Cappelli: Why post-COVID remote may not be as rosy as you think
Discussions about work-from-home policies simply will not stop—and for good reasons.
First, the deadlines for employers to make decisions about remote policies keep getting pushed back. Remember when there was some consensus that we would be back in the office by Labor Day—and we meant Labor Day 2020?? The new and more infectious Delta variant of COVID-19 is pushing new cases back up among non-vaccinated communities. We aren’t sure now how long the immunity from vaccinations lasts. Some urban communities, including mine, are recommending masks again for indoor events. In this context, bringing people back to the office does not yet seem like a good idea, so there is no pressure to set permanent work-from-home policies in the short term.
Second, everyone is waiting to see what everyone else is going to do. Within communities, there is some consensus: The New York banks are telling all their employees to return, the Silicon Valley tech companies have made commitments to remote work. Many others are talking about a hybrid model, but there are so many possible varieties of this format that it doesn’t mean much to say you will have a hybrid approach. It is reasonable in this case to not be the nail standing up—especially if you don’t want to make your employees do something they don’t want to do, as competitors for your talent are heading in the other direction.
But here is the big reason we should keep talking about and particularly thinking about work-from-home policies: We do not have much of an idea about how they will work. It just so happens that I have written a little book about this—you knew that was coming, right?—and here is the heart of the problem in two parts.

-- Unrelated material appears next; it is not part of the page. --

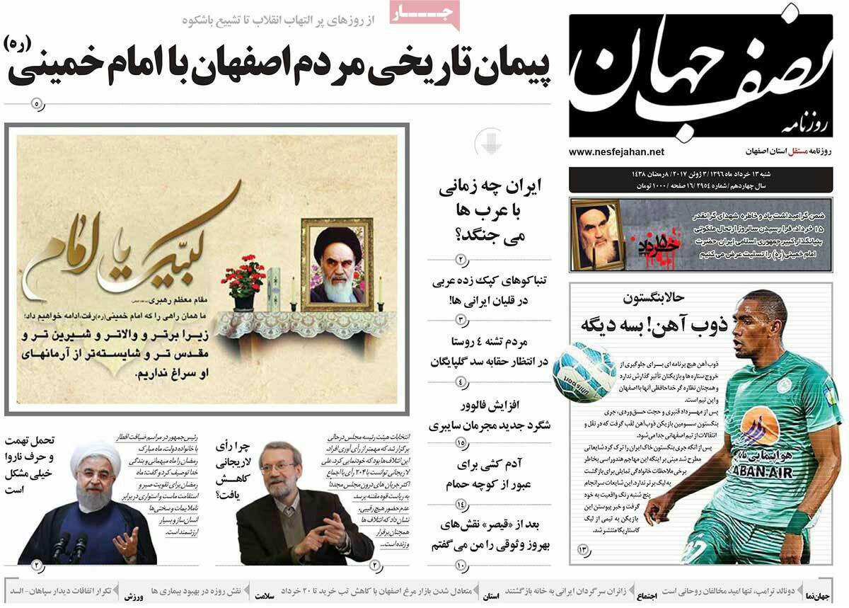 صفحه نخست روزنامه های امروز اصفهان ، 13 خرداد 1396

The first is, we really don’t know how well work-from-home actually performed during the pandemic because so many other things were going on at the same time that affected performance. Many businesses did well, in part because the economy was awash in fiscal stimulus money. Most employers report that their remote employees performed well but so did the on-site employees, whom we were applauding as downright heroic. Employees were also pulling together in the crisis, in some cases to save their employers, in most cases to save their jobs, and in virtually all cases to keep the lights on in society during what could otherwise have been a disastrous time. That’s pretty motivating.
There was something else going on that was very important and that we have paid little attention to: Management changed. In many organizations, leaders asked employees for help. In most, they pulled back on micro-managing—because they couldn’t do it remotely—and empowered employees by default to take more control over how they performed their tasks, especially making decisions about when to do which ones. In a few cases, supervisors were pushed to check in with employees and have serious conversations about how work was going. When we see subordinates every day, we may imagine we are in touch with them, but of course, that is not the case.
You get the idea. It is easy to think that simply allowing people to stay home caused things to go just as well as during the pandemic, but there were far too many things going on to think that just being out of the office by itself was the cause.
It’s a huge leap to assume things will continue to go as they have been with work-from-home after the pandemic. All the pandemic-related factors above go away. We will no longer all be pulling together, driven by all facing the same big challenges. The crisis that made that happen will be over, and now we will be even more divided if we have some workers home and some in the office, as most of the hybrid models imply. Another important difference is that we went into the pandemic with employees who mostly knew each other from face-to-face contact. Now, we have at least some fellow employees whom we have never met in person and going forward in a work-from-home context, new hires will not have that same face-to-face background experience, even in hybrid offices, because they just won’t be together as much.
Then, there are issues about work-from-home that most employers have not thought through completely—and some haven’t thought about at all. For example, how do we decide who gets to keep working from home, especially if we think that we should now have more people in the office? Is it based on prior performance? Do local managers get to decide? It is such a perk and so valuable for some people that you can expect more litigation around access. How will supervisors go about managing two groups of subordinates, one in the office more or less all the time, one in the office less, or perhaps hardly at all? Treating otherwise equal employees differently may be necessary, but it is a huge challenge for equity issues.
Here’s the last issue to think about for now: Human resource professionals know that few things are as difficult as pulling back a popular perk or practice, so the possibility of a mistake—rolling out a work-from-home policy that isn’t succeeding and then having to roll it back—comes with really big consequences.
So, this is an issue we had better keep mulling over until we figure it out.